The California Department of Public Health has advised that testing is no longer required for football players and coaches when adjusted case rates in a county drop below 7 per 100,000 residents. Sonoma County has been below that threshold for weeks.
Santa Rosa City Schools, unlike other programs that stopped when the county case rate dropped below 7, continued to test through this past weekend. That regimen garnered positive tests on four of the five football teams in the district and two weeks of canceled or rescheduled contests.
So while teams from four district high schools, plus Elsie Allen High (which is only fielding a junior varsity squad this year) were idle, other squads from different districts that had dropped testing protocols played on.
The disjointed and uneven adherence to guidance has caught the attention of county health officials.

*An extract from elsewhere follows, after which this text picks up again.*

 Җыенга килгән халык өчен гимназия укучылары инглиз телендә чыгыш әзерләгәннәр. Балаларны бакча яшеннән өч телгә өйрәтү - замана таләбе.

“We have definitely been working really hard to standardize that,” county public health officer Dr. Sundari Mase said Monday. “We feel like at this point testing is what is going to prevent outbreaks, so absolutely more testing is going to be necessary.”

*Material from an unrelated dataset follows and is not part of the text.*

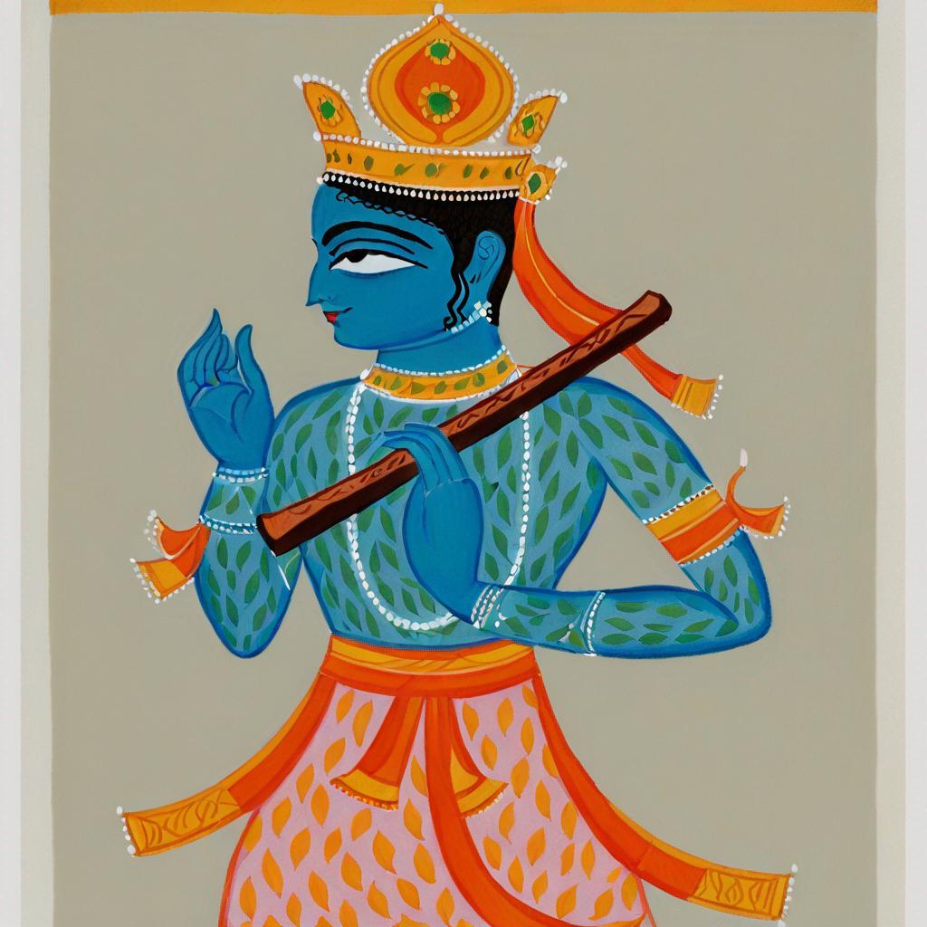 - A painting of Lord Krishna holding his flute

A meeting was scheduled Tuesday between county health officials and athletic and education representatives to push for “some level of consistency,” according to deputy county counsel Adam Radtke.
The meeting was called “to kind of go over recommendations for sports because we want to make sure they at least take into consideration the strong recommendation by the state ... that even though it’s not required, there should be some level of routine testing if they are competing or practicing,” he said Monday.
And while football is on the cusp of the end of its abbreviated season, indoor sports like basketball and volleyball are likely to rekindle the testing debate.
But in the end, much of the guidance is just that: Guidance. It’s not a rule. And that’s been a complaint among school officials for months, that when the word “guidance” is used there is too much room for interpretation, that it leaves school officials open for criticism, lawsuits or worse.
“Everybody is trying to figure it out and nobody is able to get any definitive information,” said Elizabeth Evans, district director for physical education and athletics for Santa Rosa City Schools. “It’s ‘This is highly encouraged, we highly encourage you to ...’ — everything is up to interpretation.”
And that interpretation opens the door to differences in how guidance is applied.
“The thing I’m learning through this whole process ... is no matter what the decision is, there are people on one side who applaud and are happy and grateful about what you are doing and there are people on the other side that are mad or unhappy,” Evans said.
The football testing program is not the first time Sonoma County’s largest district has drawn a harder line than other districts and schools in the county.
Santa Rosa City Schools campuses and facilities were closed to all teams and student-athletes for the better part of a year. While other schools opened outdoor courts or tracks, and in some cases gymnasiums and weight rooms, Santa Rosa officials told its coaches their players could condition but it had to be done off campus.
Such was the disparity that Santa Rosa asked North Bay League Commissioner Jan Smith Billing that its football teams not be scheduled to play any team outside of the district for fear that players, who hadn’t had the same access to training and conditioning programs, would get hurt.
With fewer teams to play, that left SRCS football teams idle with byes on March 19 when other schools celebrated the return of Friday night lights. They were thwarted again when positive results nixed contests between Maria Carrillo and Montgomery and Santa Rosa at Piner. Last week, games scheduled for Friday between Montgomery and Santa Rosa and Maria Carrillo with Piner were rescheduled to Tuesday after reported positive results.